Hey Scott, welcome back. So, what’s your price target? Like $60? We have the option to increase the dividend, and we also can look at the debt. All options are on the table. We like to be opportunistic because, just like we did last quarter, we were able to buy shares at $39. If you look at the history over the last four or five months, we picked a really good time to deploy the cash to buy at the lowest average price for the shares. The discretion that ability to make a decision really comes from a returns-oriented analysis. We look at the opportunities in front of us and make a decision. Even though there's discretion in how we return cash to shareholders, we’re very committed to the program and to returning the highest amount of cash to shareholders over the long run. Although there may be some variability in the amounts in the quarter, we do look at it actively and ultimately, we are very committed. I want to remind you; we didn’t talk about it today, but we have the high-yield indenture that governs our ability to distribute cash via either dividends or buybacks. It’s the last 12 months, 50% of net income calculation, and that’s an oil price or commodity price component. If you're bringing in lower commodity prices from the last 12 months, that acts as a capping mechanism. It’s difficult to specify what our actions will be, but we are committed to maximizing shareholder returns.

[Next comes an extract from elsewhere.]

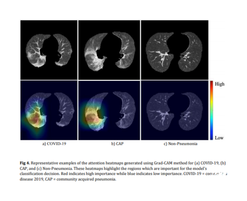 为了提高模型的可解释性,科亚医疗的研究团队基于加权梯度类激活映射方法,来可视化导致深度学习模型COVNet做出决策的重要区域(由模型自动生成)。图2展示了新冠肺炎、社区获得性肺炎、及非肺炎病例CT的可疑区域热图。这些热图表明,COVNet最为关注异常区域,同时正确地忽略正常区域,以帮助算法框架识别出病灶区域并做出准确的疾病鉴别。
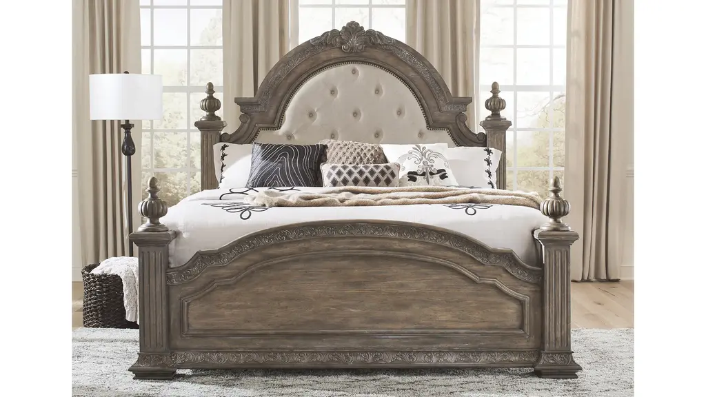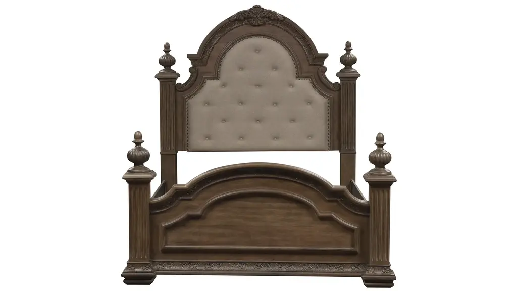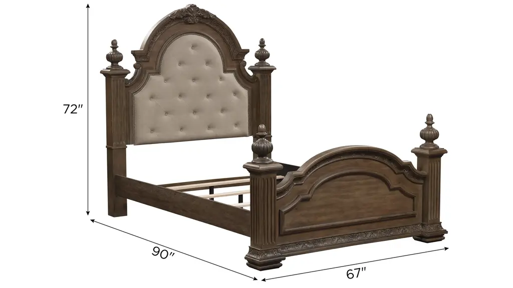 Indulge in luxury with the Carlisle Court Upholstered Poster Bed. Crafted with excellence using rubberwood solids and rustic hickory veneers, this bed features a Chestnut with Gray Dusty Wax finish. Fluted square turned posts are framed with acanthus leaf carved accents along with decorative top finials. The headboard has an arched crown and is upholstered in a button tufted Sand Linen chenille fabric with a nail head trim. The top center crown is highlighted with a carved pediment. The poster footboard is arched and features bead molding and carved acanthus leaves. Use the poster bed rails which feature bolt-on support to complete the bed.

No that's helpful. Just one last quick question regarding the greenfield projects for which you have CDMAs. Considering your work towards obtaining the Class VI Permit, are there any other permits or approvals we should be aware of for getting something like a blue hydrogen, blue ammonia, or renewable gasoline facility approved at either the state level or the current County Planning Commission? Are there specific approvals or legislation that govern that process?
Yes. You need a conditional use permit. That’s a critical, local California permit; that’s in conjunction and working very closely with the Kern County Planning Commission. Those conversations are ongoing for the projects at Elk Hills. As I said before, we are working on all those in parallel. It's nice to have the Kern County Planning Commission there because they oversee all aspects of the energy spectrum; they do the conditional use permits for oil and gas, but also for solar and wind projects. So it’s a natural extension of what they do to look at the greenfield projects and be the group that oversees these permits. That’s one to look for. Like I said, we’re working through it. They’re aware of our plans and we are working lockstep with them with a lot of the same information that you send to the EPA. We’ll share more of the progress in the inner workings through the California approval; that’s the one I would highlight. Certainly, we’re looking for the pipeline regulation to also be put into place in the near term, as that is going to be critical as we move away from co-location. Okay. We think that's a wrap. Thank you so much for spending time with us, and look forward to seeing you on the road. We're going to be going through a number of investor conferences in the coming weeks and look forward to seeing everybody in person. Thanks so much.